Clinostomum Sinensis in Red-crowned Cranes (Grus japonensis) and in White-naped Cranes (Grus vipio) - Morphology and Molecular Characterization (original) (raw)

Authors

DOI:

https://doi.org/10.22456/1679-9216.140411

Keywords:

trematodes, Clinostomum sinensis, Clinostomum spp., crane, morphology, 18S rRNA, COI

Abstract

Background : Clinostomum spp. are digenetic trematode parasites of freshwater snails and fishes, fish-eating birds, and humans. There are widely distributed around the world. The metacercariae of the Clinostomum can cause fish trematodes, and adults parasites parasitized in the throat and esophagus of fish-eating birds. The red-crowned crane (Grus japonensis) and white-naped cranes (Grus vipio) are internationally recognized as an endangered species. They are large wading bird species and listed as Class I protected animals in China. To date, there have been no reports of Clinostomum infection in red-crowned cranes (Grus japonensis) and white-naped cranes (Grus vipio) in China.
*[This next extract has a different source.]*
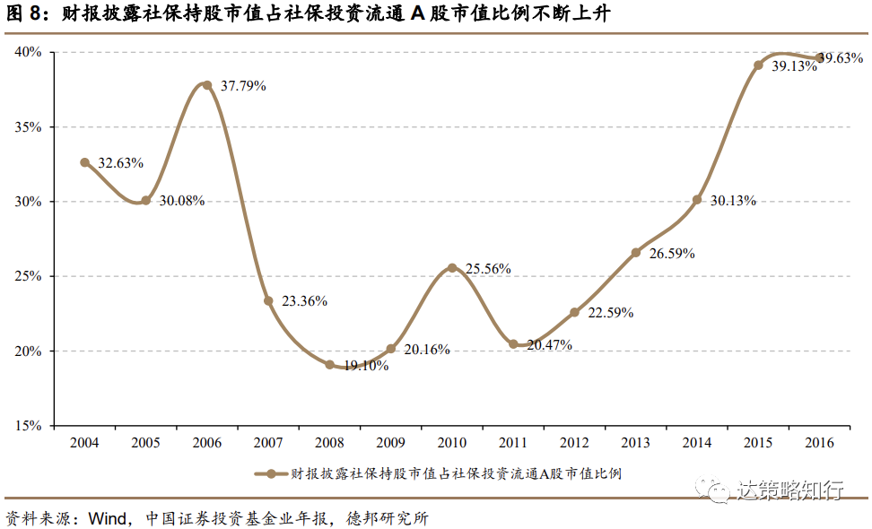 3. 社保基金投资A股仓位约在15%水平,近年来参与A股程度不断下行

Materials, Methods & Results : In this study, we isolated specimens of Clinostomum sinensis adults from the oral cavity of red-crowned cranes (Grus japonensis) and white-naped cranes (Grus vipio) and encysted “yellow grub” metacercariae from the forage fish Pseudorasbora parva and used morphological analysis and molecular characterization based on 18S ribosomal RNA and the mitochondrial cytochrome oxidase (COI) loci. The digestive system of the metacercariae was clear, whereas the genital system was not, with the exception of the vitellaria. Morphological features of adults included a small oral sucker, an unclear or absent pharynx, a medium-sized ventral sucker, an ovoid cirrus pouch near the anterior testis, and a uterine sac that extended to the ventral sucker with no folds, especially the entire anterior testis offset to the left by the uterine sac and cirrus sac, and genital pore opening on the right side of the anterior testis and papillae around, compared with the features of other species of Clinostomum. At the 18S loci, the species was in the same clade with C. complanatum from Italy and Israel. It speculated that although the specimens sequenced in this study grouped with the sequences of C. complanatum from Asia, there are so few species that have been sequenced (and verified) that identification of the sequences in this study is still problematic. At the COI loci, Clinostomum spp. were clearcutted into different clades depending on geographical regions. The species isolated in this study was in the same clade as isolates from Asia. While, based on 18S or COI loci sequences analysis, the isolated specimens were identified as C. sinensis. Morphological observation also identified the precise species was C. sinensis. Above of all, we isolated C. sinensis from cranes and P. parva in eastern China firstly, and firstly descripted the morphology of adult of C. sinensis in eastern China.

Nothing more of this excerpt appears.